Schein moved to compel arbitration pursuant to an arbitration agreement that required the application of AAA Rules and that carved out of its scope “actions seeking injunctive relief.”  The Magistrate Judge granted the defendants’ motion to compel arbitration on the grounds that (a) the choice of AAA Rules evince an intention to delegate arbitrability to the arbitrator, and that (b) the arbitration agreement can be reasonably construed as contemplating the inclusion of this dispute.

(AAA Rule 7(a) provides that an “arbitrator shall have the power to rule on his or her own jurisdiction, including any objections with respect to the existence, scope, or validity of the arbitration agreement or to the arbitrability of any claim or counterclaim.”)

The district court vacated the Magistrate Judge’s order and held that the dispute was not arbitrable  pursuant to the arbitration agreement, because it expressly carved out any claim for the injunctive relief sought by the plaintiff in the action.

Upon appeal to the Fifth Circuit, the parties agreed to the existence of an arbitration agreement, but not to whether its scope included the filed action.  Following its precedent in Douglas v.
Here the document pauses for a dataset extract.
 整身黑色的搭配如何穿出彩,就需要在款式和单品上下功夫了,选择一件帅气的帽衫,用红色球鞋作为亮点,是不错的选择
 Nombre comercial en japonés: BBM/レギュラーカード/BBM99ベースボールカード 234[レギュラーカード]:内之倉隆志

Regions Bank, the court entered into a two-step analysis, asking first whether the parties “clearly and unmistakably” intended to delegate the question of arbitrability to an arbitrator, and second whether there is a plausible argument for the claim’s being arbitrable.  This is so because, according to the Douglas analysis, if the argument of arbitrability is “wholly groundless,” it made no sense to send to an arbitrator a dispute as to which there are no grounds whatsoever for arbitration.
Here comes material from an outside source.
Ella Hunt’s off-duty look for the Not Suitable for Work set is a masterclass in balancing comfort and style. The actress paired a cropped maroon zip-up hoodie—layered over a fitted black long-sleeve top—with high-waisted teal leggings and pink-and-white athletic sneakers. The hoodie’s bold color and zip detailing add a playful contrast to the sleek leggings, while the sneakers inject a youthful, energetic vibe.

As to the first step — whether the parties unmistakably agreed to delegate arbitrability — the court skirted the question of whether AAA Rule 7(a) delegated the question of arbitrability to claims that are subject to the carve-out in the arbitration agreement.  Instead, it held that the second Douglas step was dispositive irrespective of the resolution of that first inquiry.  That second-step analysis was straightforward, according to the Fifth Circuit.  The arbitration agreement “expressly excludes certain types of disputes,” and among them are claims for injunctive relief.  Here we have a dispute where the claimant seeks injunctive relief.  Any conclusion  that the claim is subject to arbitration is therefore “wholly groundless,” and the court could see “no plausible argument that the arbitration clause applies” to it.  The district court therefore properly determined that the action was not subject to arbitration, and its order denying defendants’ motion to compel was affirmed.  “The mere fact that the arbitration clause allows [plaintiff] to avoid arbitration by adding a claim for injunctive relief does not change the clause’s plain meaning.”

[Note to Self:  Revise slide 19 of the “Drafting Arbitration Clauses” Power Point!]

So we have several interesting questions.  Does a clause carving out “actions seeking injunctive relief” carve out that portion of an action that seeks an injunction, but preserve that portion that seeks monetary damages?  Is the idea of booting “wholly groundless” claims of arbitrability properly applicable only to claims having nothing whatsoever to do with the contract at issue (say, a claim for an unrelated, non-contractual injury)? In determining the “wholly groundless” nature of the assertion of arbitrability, is the court improperly construing the arbitration agreement, in derogation of the parties’ determination that the arbitrator should do so pursuant to AAA Rule 7(a)?  Is there an at-least-colorable construction of the carve-out language that would hold that the parties may come to court to seek injunctive relief, but must arbitrate claims for money damages?

At least we will have no doubt about “who decides” these questions — the Supreme Court will.